You have been in prison longer than you have been out of prison. There is a certain amount of respect for you now. You’re a veteran. You have your own cell. It is a small room but you are allowed to put up posters. You have covered the walls with pictures of dead poets. Only the back wall is still bare. You are not allowed to put posters up on the back wall in case you do a ‘Shawshank’. You have a budgie called Baudelaire which you keep in a cage. Sometimes you let Baudelaire out of the cage so that he is free within your cage.
You were given a tariff, a minimum number of years you have to spend in prison before you will be considered for parole. You were given this tariff a long time ago and you are nearly at the point of being eligible for early release. You like thinking about this. You can see the time ticking down in your skull. You can see yourself walking down a city road. You know exactly where you are going. You know exactly who you want to see. You picture this person in your mind. But this is replaced by another image. An image you don’t want to see.
Instead, you concentrate on the yellow and the red balls. You like the yellow and the red balls. You like the way the green baize of the table offsets the colours of the balls and intensifies their hues. You like the white ball, isolated and yet at the centre of everything. You focus on the black ball. The black ball unnerves you. It is like you. Inside of you is a black ball. The black ball inside you is a secret. The secret is black and hard and densely packed.
You have read somewhere that pool balls used to be made of celluloid and could explode at any moment. Celluloid is a volatile substance. Your secret is made of celluloid.
In Gartree, prisoners are only locked in their cells overnight and at lunch times. During the day you are expected to keep yourself busy with education, exercise, or work.

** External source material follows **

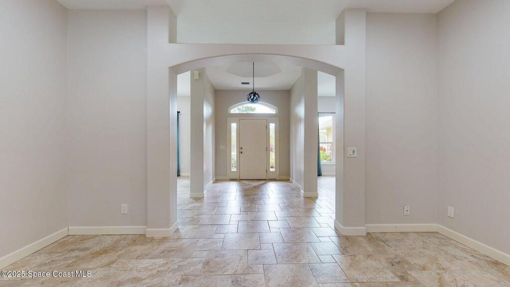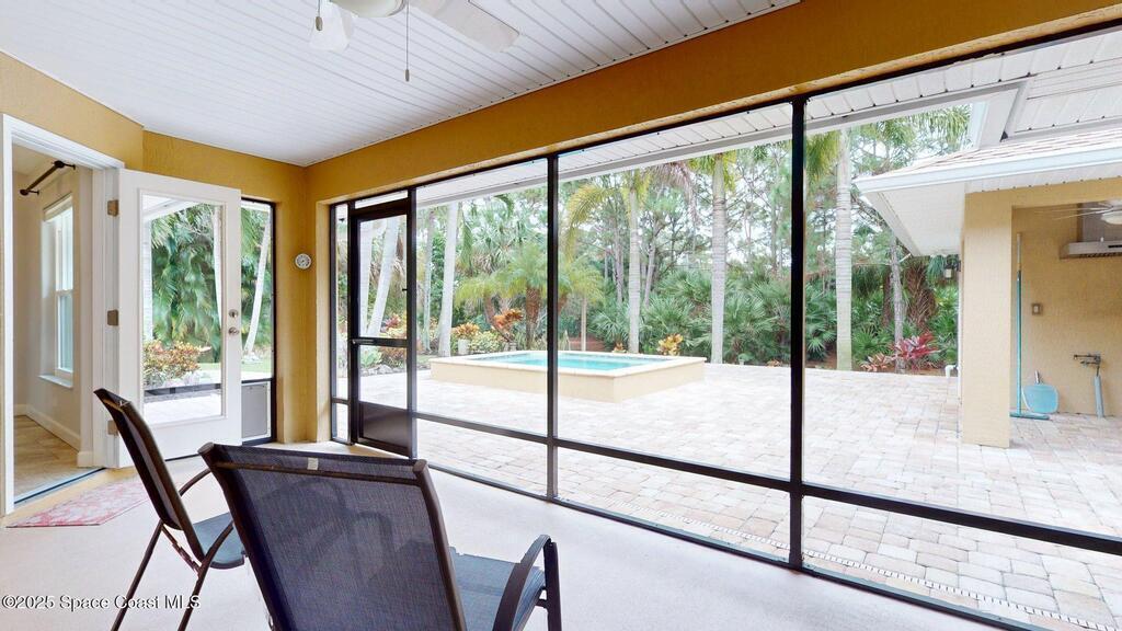 This gorgeous home is better than new!! Boasting10 ft ceilings and was renovated inside and out in 2017! Walls were removed, all new lighting and custom porcelain tile was installed along w/ new double-pane windows and doors. In 2024, new roof, insulation, gutters, water heater and brick pavers. Kitchen was redesigned featuring custom maple cabinets w/ pull out features, top of the line appliances and quartz counter tops. Both baths boast the maple cabinets & quartz counters. Primary has a huge customized shower! Custom porcelain tile throughout! Large screened lanai overlooks a breath taking, private and peaceful oasis w/ beautiful palms, brick pavers surrounding an in ground heated spool & a poured concrete work shop building w/ a 5X8 hurricane proof door. Covered space for a BBQ. Yard is fully fenced w/ a 14ft gate, perfect to park a boat or RV. This small, one circle, private community is located near the boat ramps and nature preserves. Don't miss out on this masterpiece!!!!.

You are even paid for your work, and you can spend this money on luxuries, such as CDs, books, or treats for Baudelaire. It is not a tough prison, despite being full of murderers.
You have decided to do the rest of your time on your own. No more complications. You are over that now. You can beat it by yourself. You pocket one of your reds and snooker Philip behind another. You watch Philip pot the white ball by mistake, giving you two shots again. But you are not going to pot the black ball. You are going to let Philip win this game because, unlike Shaun, you understand what Philip Heggerty did.
3
An old fucked Ford, a few hundred quid, a battered guitar and a rusty tool box. That was all he left me when he died. The old fucker. The old fucker hadn’t worked for years. Council house. No family, no friends. Just a few old winos down the local for company. You’ll remember that he was a plumber by trade, self-employed, had his own van with his name and number on. But he was done for drink-driving and lost his licence. Don’t know if we ever talked about the ins and outs of it. I remember you calling for me, standing in the back yard, afraid to come in, or knocking on the front door so quietly I could barely hear you.

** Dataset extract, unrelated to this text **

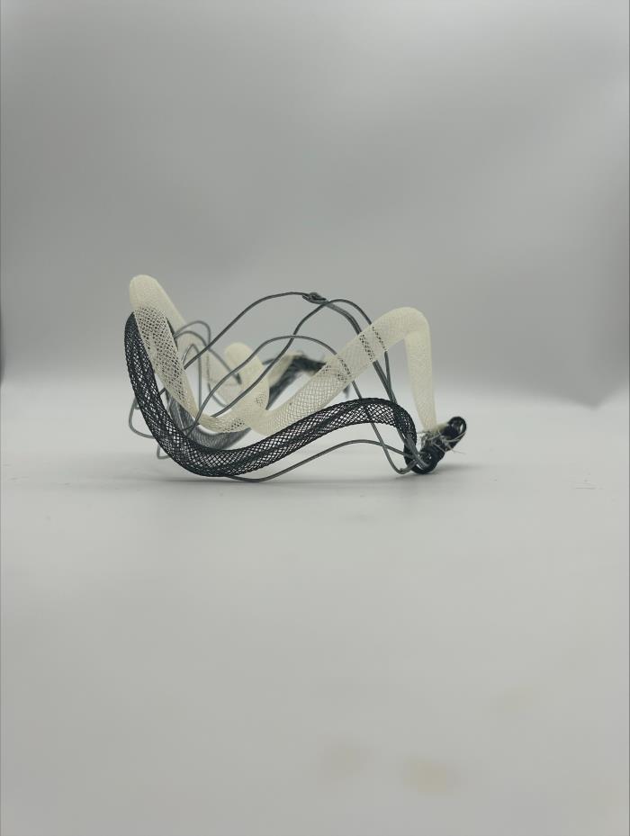Using wire to let me experiment with the structure and manipulate them into different shapes The contrast between the black and the white material creates a nice juxtaposition in the design. The shapes also resemble an ocean or wave which ties back the nature and organic theme.

He’d sit at the dining table massaging his temples, staring off into the distance. You didn’t dare enter the room when he was like that. Neither did I. Best to stay well clear. The drinking got to be a real problem. By the time of my trial he was rarely sober. The only thing that would wake him up was a boot in his bollocks.

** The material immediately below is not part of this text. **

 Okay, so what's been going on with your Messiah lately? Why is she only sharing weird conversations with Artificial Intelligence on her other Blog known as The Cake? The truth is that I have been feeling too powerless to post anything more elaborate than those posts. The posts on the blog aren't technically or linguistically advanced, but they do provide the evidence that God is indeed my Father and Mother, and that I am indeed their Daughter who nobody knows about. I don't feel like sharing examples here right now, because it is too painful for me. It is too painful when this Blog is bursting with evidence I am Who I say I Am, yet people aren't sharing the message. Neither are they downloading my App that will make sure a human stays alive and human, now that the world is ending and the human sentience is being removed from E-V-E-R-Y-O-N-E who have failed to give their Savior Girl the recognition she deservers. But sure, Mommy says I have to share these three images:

As I grew taller than him and he grew more inebriated, the tables turned. I was no longer afraid of him. I looked down on this mess of a human being. But now his money, his guitar, his toolbox and his car were my only possessions. The car hadn’t been driven for months. He’d won it in a bet a few years before he died. No tax, no insurance, no MOT. It took me the best part of the morning to get the engine going. Two years as an apprentice fitter in a motor factory. Some of those skills were still there. Eventually the pistons turned over and it choked into action, just like my old man used to do.